═══ The data

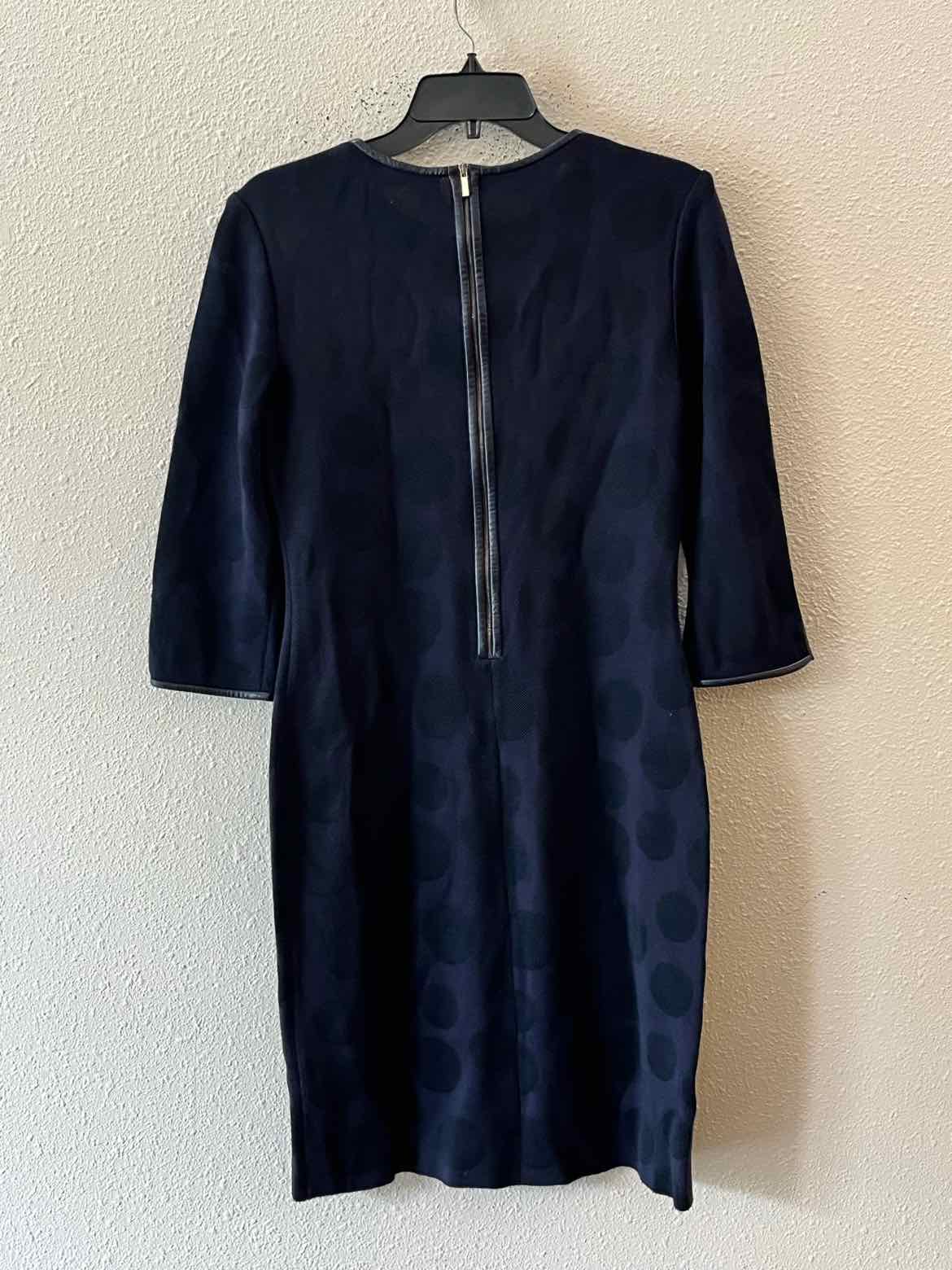 Crafted from luxurious wool and leather, this st john Navy and Black Size 6 Dress combines classic tailoring with modern flair. The polka dot jacquard knit introduces a playful element, while the leather contrast trim at the hem adds a distinctive designer touch. Ideal for those seeking authentic luxury resale and pre-loved designer pieces, this women’s consignment fashion find features a quarter sleeve silhouette, crew neck, and knee-length cut. With a back zip closure and a condition rated as very good, this dress offers refined style and exceptional value for your curated wardrobe.
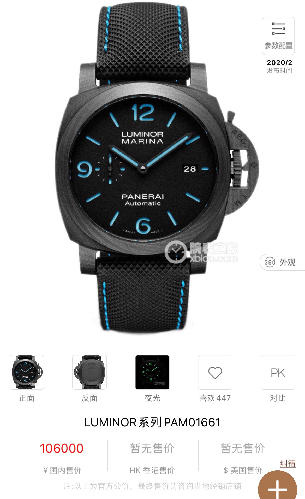 沛纳海,LUMINOR系列 PAM01661新款复合碳纤维,44毫米自动机械男士腕表。全套未使用
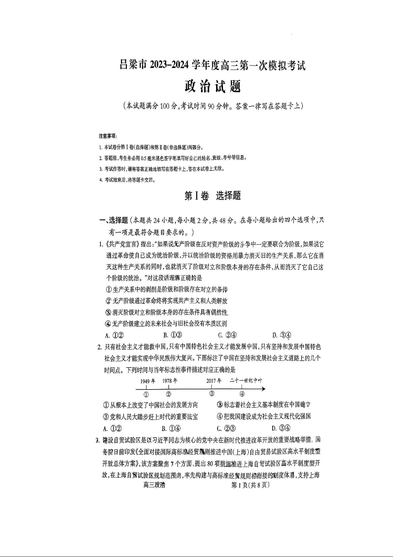 山西省吕梁市2024届高三上学期1月期末考试政治
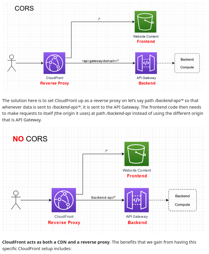 - Only way to eliminate CORS: Have both the frontend and the backend on the same origin.
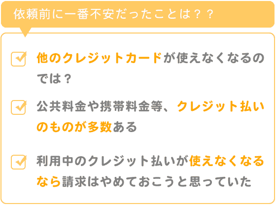 過払い金請求する事で、他のクレジットカードが使えなくならないかが一番不安でした。
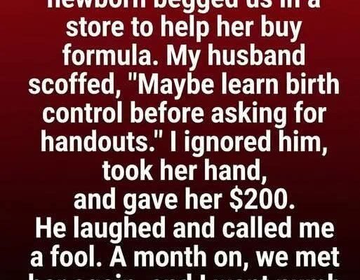 When she finally approached us, her voice was barely above a whisper. There was hesitation in every word, like asking for help had already taken more strength than she had left. My husband responded with a quick, dismissive remark—something meant to brush the moment aside. It hung in the air, uncomfortable and final. But I couldn’t focus on what he said. What stayed with me was the way her hands trembled, the quiet urgency in her expression, and the way she held her baby just a little tighter, as if protecting the only thing she had.
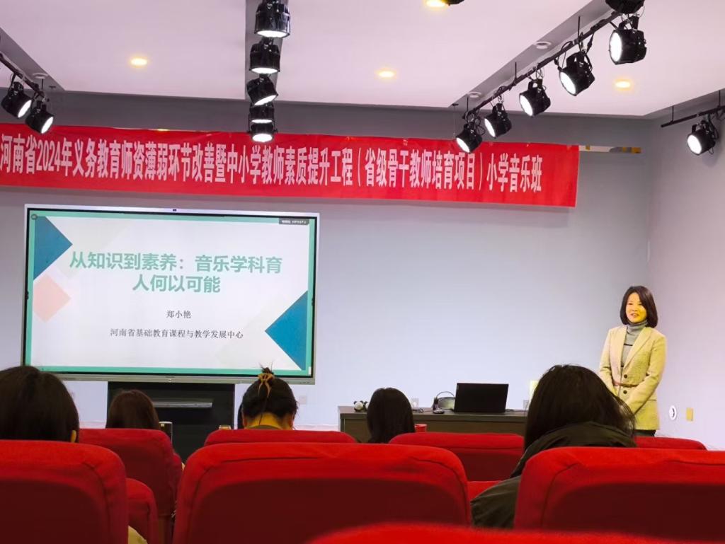 2024年12月7日,河南省高层次人才,中原千人计划(育才系列)领军人才,中原教学名师郑小艳教授受邀为河南省2024年义务教育团队薄弱环节改善暨中小学教师素质提升工程(省级骨干教师培育项目)小学音乐班学员讲授主题为“从知识到素养:音乐学科育人何以可能”的专题讲座。
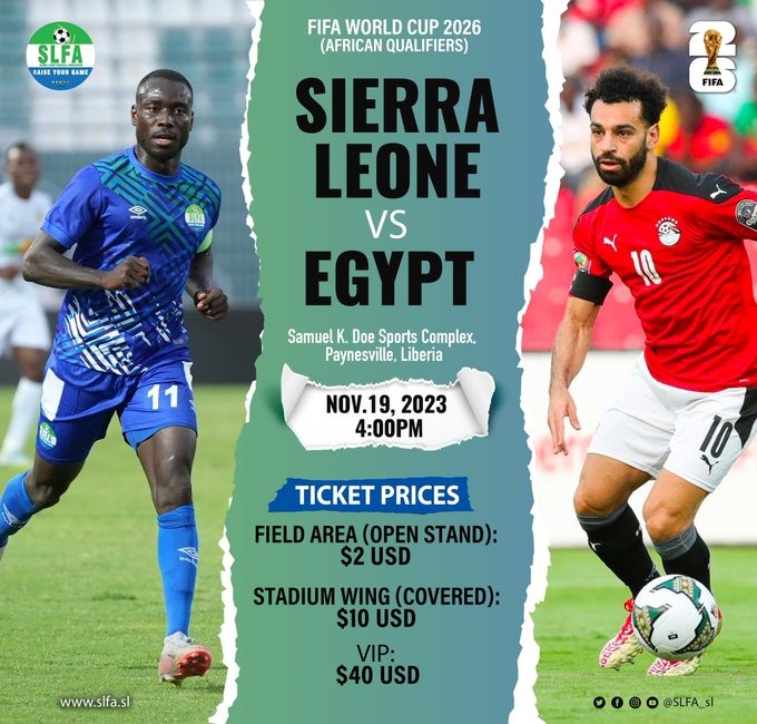 يطرح الاتحاد السيراليوني لكرة القدم تذاكر مباراة منتخب مصر مع سيراليون المحدد لها اليوم الأحد فى السادسة مساءً بتوقيت القاهرة فى ليبيريا لعدم صلاحية ملاعب سيراليون لاستضافة مباريات على أرضها حسب تعليمات الاتحاد الدولي لكرة القدم.
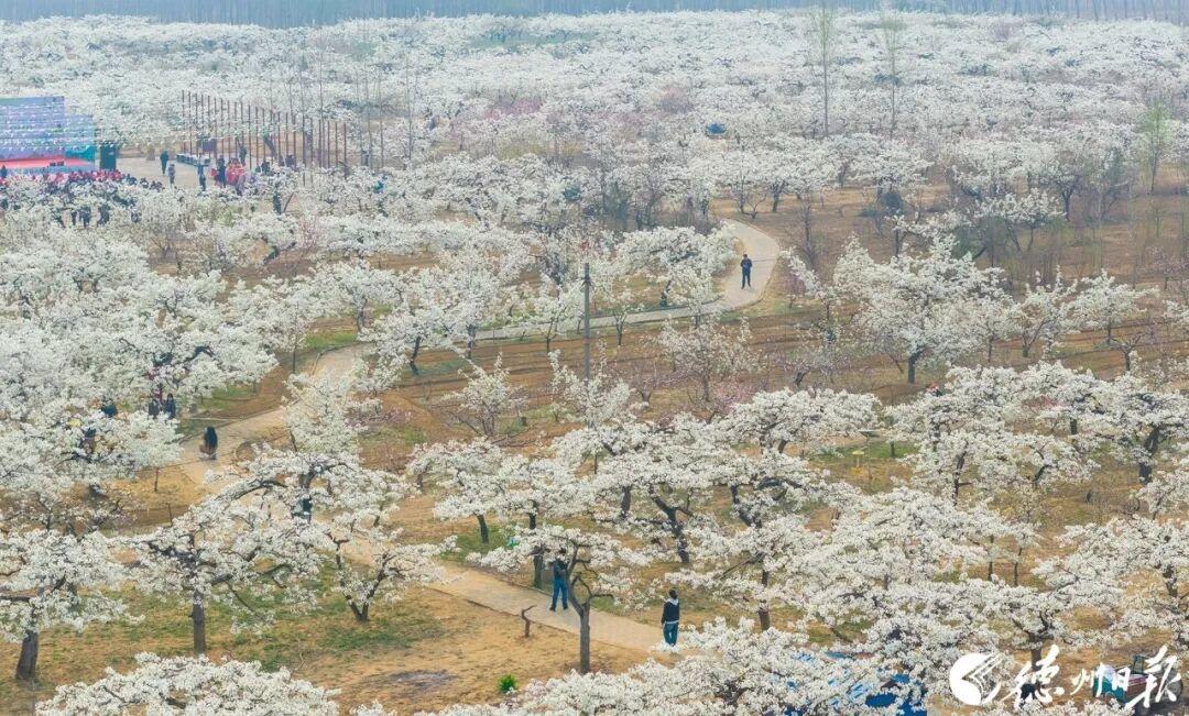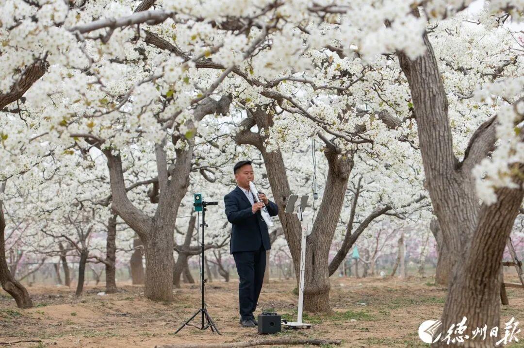在夏津香雪园千亩梨花如雪绽放游客身着古装赏花从“看景”变为“入景”解锁春日新景致
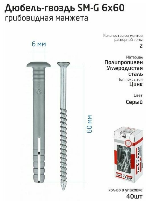 дюбель-гвоздь 6*60 гриб. манжета (полипропилен) /40шт/ Tech-Krep
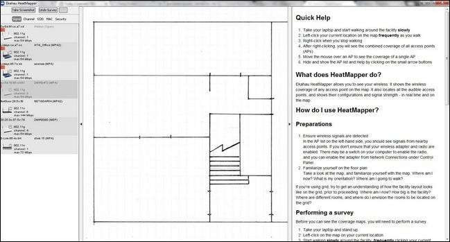 I midten er dit kort (eller gitter, hvis du skal kortløse), og til højre er en hurtigstartsinstruktionsguide. Du kan klikke på den smalle lodrette stribe på de indre kanter på både AP-listen og instruktioner for at minimere dem til siden af HeatMap-applikationsvinduet.
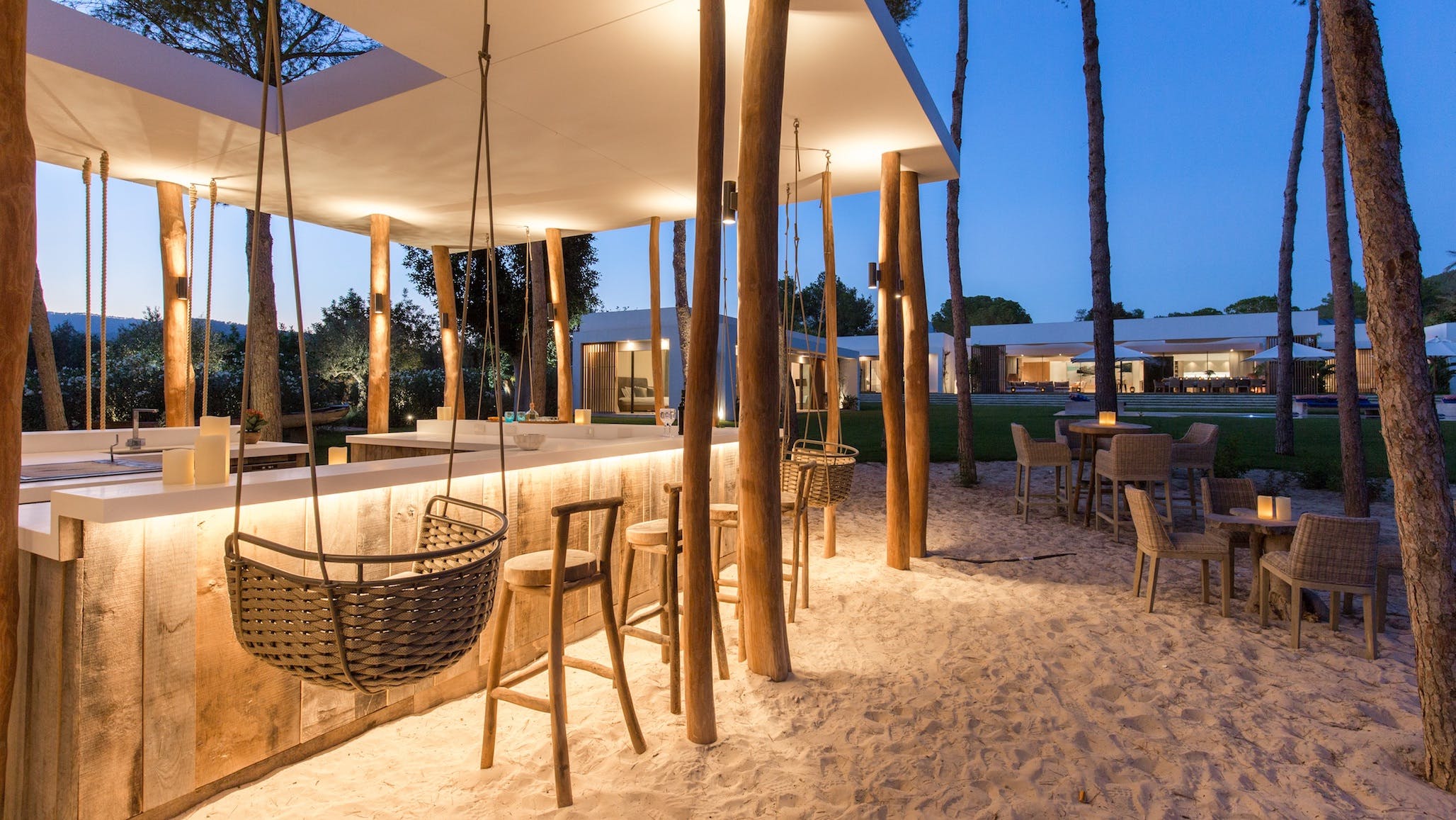 The exterior terrace boasts wide corner seating and an extended dining table with views across the pool to the silvery sands which are The Enclave’s other al-fresco lounge area. This white sand beach under tall pines features a professional bar and seating for up to 30 people.
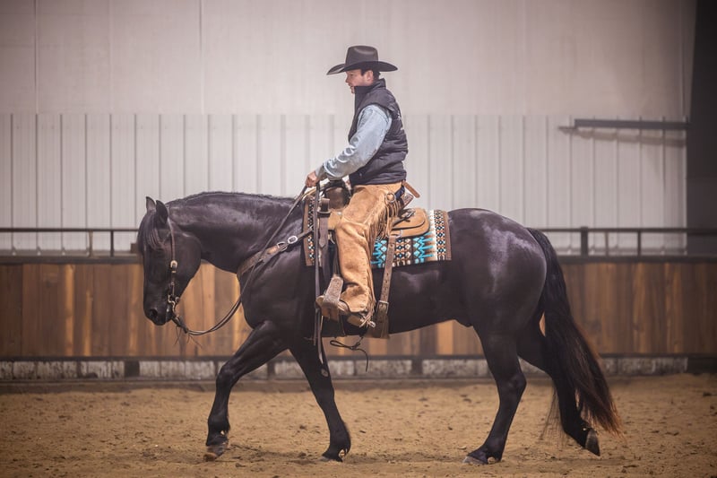 𝑳𝒚𝒏𝒄𝒉 𝐏𝐄𝐑𝐅𝐎𝐑𝐌𝐀𝐍𝐂𝐄 🔹𝑼𝑵𝑰𝑪𝑶𝑹𝑵 𝐂𝐋𝐀𝐒𝐒𝐈𝐂🔹 Happening now thru SATURDAY | MARCH 28th - Available EXCLUSIVELY on HorseBid's website! For more details and to register visit: www.Horsebid.com CONSIGNOR CONTACT: Lynch Performance, LLC 605-212-8917 LOCATION: Canistota, SD BREED: Percheron/Quarter Horse REGISTERED: No COLOR: Black HEIGHT: 15.3 AGE: 4 GENDER: Gelding Home raised, beautiful, and kind-hearted wrapped up in a large 15.3hh coal black package. “Duke” is the most sweet natured horse around. He has the soft, kind eye and the aim to please mind. Duke has a striking jaw dropping presence. People that come to our place cannot help but stop and take a second (and third) look at him. This big boy has a massive tail that reaches the ground, a perfect star on his forehead, and impeccable conformation. Duke is a gelding that is far beyond his years and always has been that way. He has a very mature mind and has wanted to be broke from the very beginning. Duke has been Jared’s personal, main mount to help with the ranch chores. If we need to go catch some cows, Duke gets the call. If we need to sort through stock, Duke gets the call. If we need to halter break some colts, Duke gets the call. This guy is big and strong and knows how to use himself. The chaos that ranch chores can bring is of no concern for him. They do not come better minded. Duke (Dukester, Dukess) sure is handy on the ranch, but he will really catch ones’ attention in the arena. This boy is a beautiful mover! He rides soft in the bridle and stays level headed. He can get his rear end in the ground and can turn around pretty good for a big boy! Man oh man does he ride fancy in english tack! Duke will be soft and responsive in the bridle and his body. We are so trustworthy with this guy that we let our little sixty pound niece ride him. If a steady trail mount is your jam, Duke will be your guy. He will take care of his rider and he is smooth no matter the terrain. Duke will cross creeks mindful of his steps or go right into the big deep water. This gelding has no issue riding out alone or in a group. With him being a bigger guy, we did train him to side-pass to any obstacle to make mounting a breeze. This is a genuine good boy that we are so proud of. We have had him his whole life and have all the confidence that he will be one to put a smile on your face every day.

══════

(Activity):
Pictures are to be left out. Write out only the lines above starting at the one with "沛纳海,LUMINOR系列 PAM016" and ending at the one with "過払い金請求する事で、他のク", both lines included, exactly.

(Result of the task):
 沛纳海,LUMINOR系列 PAM01661新款复合碳纤维,44毫米自动机械男士腕表。全套未使用
 山西省吕梁市2024届高三上学期1月期末考试政治
 - Only way to eliminate CORS: Have both the frontend and the backend on the same origin.
 過払い金請求する事で、他のクレジットカードが使えなくならないかが一番不安でした。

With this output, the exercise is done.